T1 with Gd/Omniscan contrast showed hyper-intensity in areas similar to the location of sodium fluorescein in both rats and mice. Sodium fluorescein was found to extend rostral and caudal to the lesion in rats, and was restricted to a small area of cavitation in mice. It is noteable that this diffusion pattern is similar to the inflammatory pattern observed with Iba-1 immunolabeling in both rats and mice, and may reflect the influence of diffuse inflammation. It has been previously reported that areas of microglial activation in the spinal cord are highly correlated with areas of BSCB permeability(41). Gd has a molecular weight of 573 Da, similar to sodium fluorescein (376 Da), but much less than Evan’s blue (69 kDa), which was not found within spinal cord tissue at 28 days post-injury in rats or mice. It has been proposed that BSCB permeability at this time point after SCI may be related to angiogenesis or inflammation (41). Together, these data suggest an equal amount of BSCB permeability, and therefore responses to injury, at least at the lesion epicenter, in the two species.
One concern to be considered for the current study is the difference in resolution capability between rats and mice. T1W MRI protocols were performed identically in rats and mice, but the FOV was reduced to try to improve resolution for T2W images.
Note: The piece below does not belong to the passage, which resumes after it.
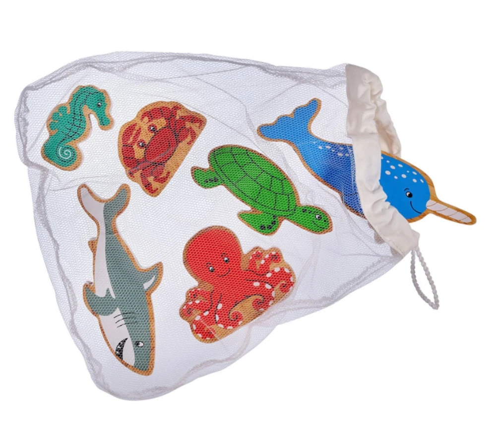 Animaux en bois de caoutchouc avec filet de transport.

However, it is possible that some size measurements could be affected by reduced resolution in mice images, particularly with T1W MRI images.
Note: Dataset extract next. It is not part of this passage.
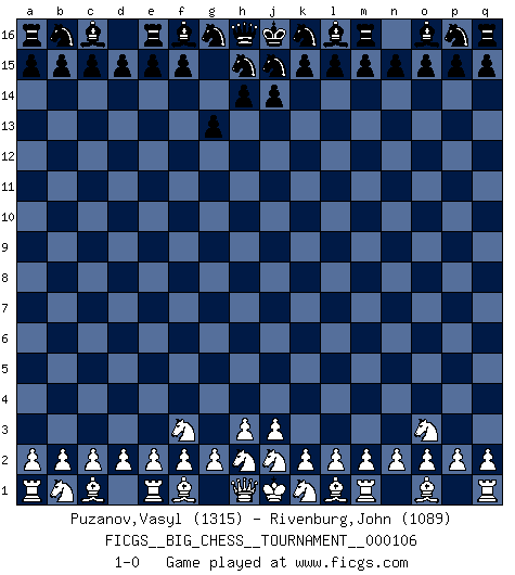 Last move : 1-0 2016 November 9 15:23:16 [Event "FICGS__BIG_CHESS__TOURNAMENT__000106"] [Site "FICGS"] [Date "2016.09.17"] [Round "1"] [White "Puzanov,Vasyl"] [Black "Rivenburg,John"] [Result "1-0"] [WhiteElo "1315"] [BlackElo "1089"] 1.g1-f3 g15-g13 2.p1-o3 1-0 This big chess game has been lost on time (started : 2016.09.17 4:20:22) Follow this game move after move (download)Of all my Russian books, the defense contains and diffuses the greatest 'warmth' which may seem odd seeing how supremely abstract Chess is supposed to be. (Vladimir Nabokov) Die westlichen Werte sind eine Sprache, welche die Putin-Administration nicht versteht. (Garry Kasparov) El jugador táctico sabe que hacer cuando hay algo que hacer; mientras que el estratega sabe que hacer cuando no hay nada que hacer. (Gerald Abrahams) On peut tirer plus d'utilité d'une partie perdue que de 100 parties gagnées. (Capablanca) Hello Thibault, if I have had a plan (and I had one, I hope), I have forgotten it during the last week... - Hello Heinz-Georg. What do you mean a plan ? (Anonymous players, during a Big Chess game)

In conclusion, our study investigated the difference in spinal cord neuropathology between rats and mice using MRI T1W and T2W protocols. While T2W imaging was found to present the best correlation to lesion volume in both species, both T1W and T2W protocols provided useful discrimination in pathological responses, including glial scar formation and BSCB permeability. Further, T2W imaging showed better correlation with functional recovery in both species after injury. This study therefore demonstrates that T2W and T1W MRI is a useful tool for detecting differences in pathological responses to spinal cord injury in rodents.
Funding support: National Institutes of Health/NINDS R01 [grant number 5R01NS037313-08]).